II. Program committee, which shall be responsible for the business program for the annual meeting of the council.
III. Arrangements committee, which shall be responsible for all arrangements in connection with the annual meeting of the council, other than the business program.
IV. Committee on Federal aid, which shall collect the best available data relating thereto and shall advise members in regard thereto.
V. Committee on administrative practices, rates, and accounting, which shall collect the best available data relating thereto and shall advise members in regard thereto.
VI. Committee on customs, immigration, and Federal inspection services, which shall collect the best available data relating thereto and shall advise members in regard thereto.
VII. Committee on operating practices and procedures, which shall collect the best available data relative thereto and shall advise members in regard thereto.
VIII. Law committee, of which the general counsel shall be chairman and which shall from time to time call legislative and legal matters to the atten
tion of members for consideration by their respective legal representatives. 14. Amendments.- This constitution and bylaws may be altered or amended at any annual or special meeting of the council by a two-thirds vote of the members present.
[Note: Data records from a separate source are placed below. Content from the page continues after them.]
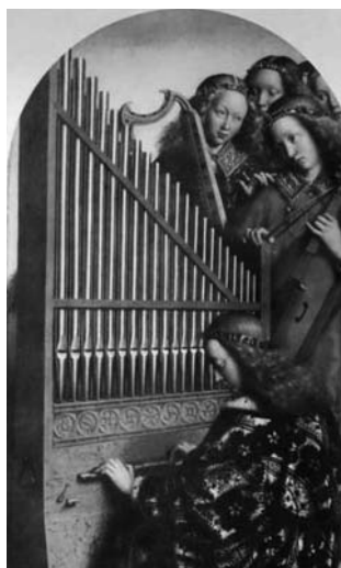
Jan Van Eyck
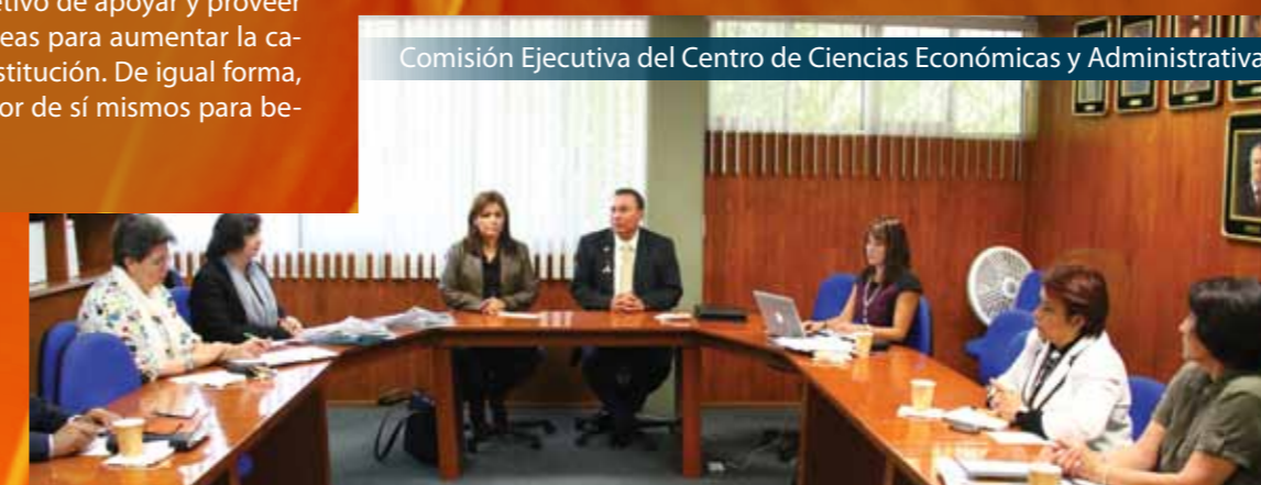
Comisión Ejecutiva del Centro de Ciencias Económicas y Administrativas
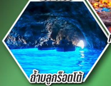
ดำบลูกรोटโต้
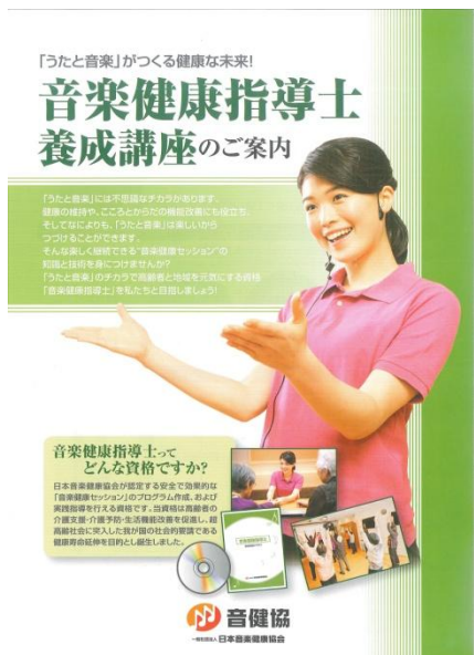
当日配布の養成講座ご案内
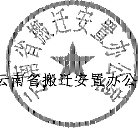
云南省搬迁安置办公室
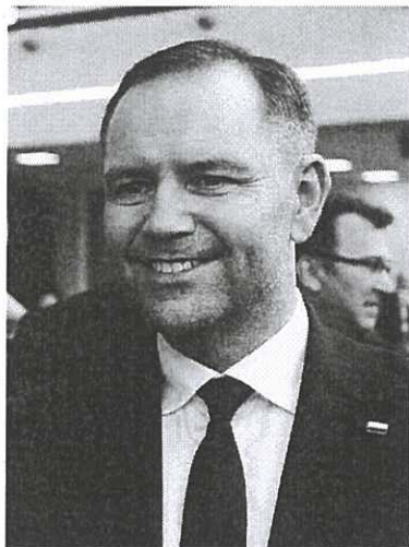
Karol Nawrocki (2025)

Pełne imię i nazwisko Karol Tadeusz Nawrocki
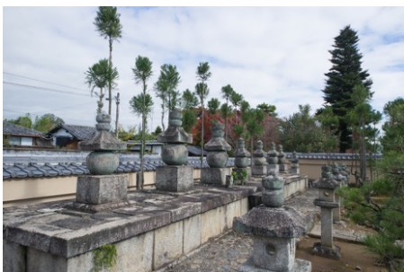
信長公一族の墓碑

信長公をはじめ、徳姫（信長の息女）、濃姫（正室）、おなべの方（側室）など、一族7基の五輪石や墓碑が並びます。
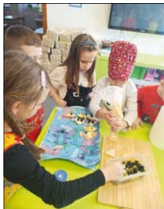
žáci školní družiny při čtení svého receptu a výrobě pomazánky

The board of directors may propose an amendment to the bylaws at any other time and the vote thereon may be taken by letter ballot. To take a vote upon any proposed amendment to the bylaws by letter ballot, the executive secretary shall mail to each member of the council, at his last known post office address, a copy of the proposed amendment with a ballot in suitable form. Members desiring to vote shall use the ballot forwarded by the secretary and shall indicate thereon their approval or disapproval of the proposed amendment. Each member shall have 60 days within which to return the ballot. Upon the expiration of the 60 days the president and secretary shall canvass the ballot and record the vote. . If the proposed amendment shall receive two-thirds of the votes cast by the members, provided that at least 10 votes are received, the amendment shall be deemed to have been adopted, otherwise it shall be deemed to have been rejected. The secretary shall announce by mail the result of any vote by letter ballot, and shall insert such result in the minutes of the council as having been taken at a meeting of the council held by correspondence as of the date on which the ballot was canvassed.
Notwithstanding the foregoing provisions, however, if any proposed amendment is submitted to a vote of the members by letter ballot and a regular or special meeting of the council is actually held before the date on which such ballot is to be canvassed and such vote recorded (a quorum being present at such regular or special meeting), then all proceedings for the taking of such vote by letter ballot (including all votes cast for or against such proposed amendment) shall be and become void and of no effect, and the vote upon such proposed amendment shall be taken at such meeting.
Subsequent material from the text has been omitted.